На улице веселье, работают сотни павильонов, ларьков,
открытых все двадцать четыре часа в сутки. А ночами здесь всегда их
отвратительные, если на взгляд такого обывателя, как я, оргии. Эсэмщики,
чувствуя свою близкую полную победу и полное признание своих прав в ближайшие
дни или недели, ведут себя шумно, весело, устраивают демонстрации уже не только
на «своей» улице, но и по всему городу. На прошлой неделе было нашумевшее
сожжение троих на Красной площади. Впервые там сжигали себя не ради
выколачивания каких-то уступок из правительства, а для собственного
удовольствия.
Тогда подоспевшим спасателям объяснили, что эти люди уже
перепробовали все: от примитивного нанесения себе ран до изысканных пыток
кислотой, электротоком и галлюциногенами, а теперь настал их кульминационный
час, они желают получить полный кайф!
Рядом со мной прошел человек с обрезанными ушами, кольцо в
носу, на щеках жуткие следы от прижигания азотной кислотой, прокричал весело:
– Все во двор к баронессе Жемчужной! Старинные пытки
прижиганием железом, «испанские сапоги», средневековая дыба… а в завершение
нашего праздника – казнь на колу!
Я почему-то представил на колу себя, содрогнулся. На лбу
выступил пот, а колени сразу стали ватными. У меня слишком живое воображение,
уж чересчур реалистично вообразил, как заостренный деревянный кол войдет в мою
задницу, двинется под моим весом дальше, выше, разрывая кишки, внутренности,
протыкая все в животе, а я все еще буду жить и корчиться от невыносимой боли.
Кричавший посмотрел на меня заблестевшими глазами, крикнул
весело:
– Ага, балдеешь?.. То ли еще будет!
– А что будет еще? – спросил я.
– Ого! – прокричал он восторженно. – А
колесование? А сдирание кожи заживо? Блистательная Изабелла решилась пройти
сдирание от начала до конца. Представляешь, ей сперва надрежут кожу на пятках,
а потом, ухватившись за края, будут медленно тянуть вверх, вверх, вверх…

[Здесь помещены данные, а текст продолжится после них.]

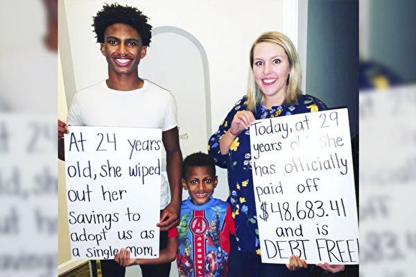 切尔西‧海莉(Chelsea Haley)是17岁的杰罗姆(Jerome)和6岁的杰斯(Jace)的单亲妈妈,她12月4日对《早安美国》表示,知道自己不再背负债务,简直像做梦一般。
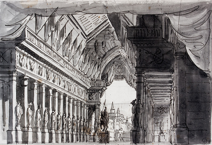 Penna e inchiostro acquerellato. mm 255x375. Formatosi nella scuola comunale di disegno, e in particolare con l’insegnamento di architettura tenuto da Pietro Tomba, fu scenografo, decoratore e vedutista. Lavorò a Pesaro, Ferrara, Ravenna, Cesena, Rimini, Urbino e Faenza. Per le decorazioni e l’architettura delle scene e dei sipari teatrali fu l’artista forse più apprezzato a livello nazionale nel periodo del melodramma. Si veda Romolo Liverani scenografo, a cura di Marcella Vitali. Faenza: Lega, 1990.

Представляешь? Треск отрываемой от тела кожи, брызги крови, этот немыслимый
кайф, который получают все…
Я содрогнулся, представив этот кошмар. Обнаженная женщина, с
которой сдирают кожу, ее дикие крики экстаза, толпа обезумевших двуногих
зверей, что ловят кайф, расслабляются, оттягиваются по полной… Черт, но ведь я
их тоже стыдливо называю эсээмщиками, а не садомазохистами, это уже шаг к
признанию.
– Кожу снимут всю! – прокричал он мне
вдогонку. – С кожей лица, ресницами, бровями!.. С прической от Вовика
Гарбузяна!
Здание суда на параллельной центральной улице, там трех– и
четырехэтажные здания старинной кирпичной кладки. Даже внутри пахнет стариной,
стены коридора в деревянных панелях, двери строгие, коричневые, без лишних
украшений. Да и народ здесь серьезный или старающийся казаться серьезным. Ведь
немало народа именно сюда ходят, как в цирк, получают кайф от судебных
процессов вживую.
Навстречу мне вышла молодая женщина с милым усталым лицом,
за руку вела ребенка лет пяти. Этот карапуз, держась за руку мамы, посмотрел на
меня внимательно и серьезно, словно будуший пророк. Сердце внезапно кольнуло,
что я – совсем не старик, буду уже мертв, когда этот ребенок войдет в мой
возраст. Это несправедливо, природа не должна разбрасываться драгоценостями! А
я – драгоценность.
Законы, правильные и даже мудрые в отношении животных,
должны перестать действовать в отношении обладающих разумом. Разум не может
примириться с мыслью, что надо уйти из жизни, как уходят жуки, мухи, коровы. Те
не понимают, что уходят, а человек…
Впрочем, разум для того и дан, чтобы человек возмутился и
сам взял себе полагающееся разумному существу бессмертие.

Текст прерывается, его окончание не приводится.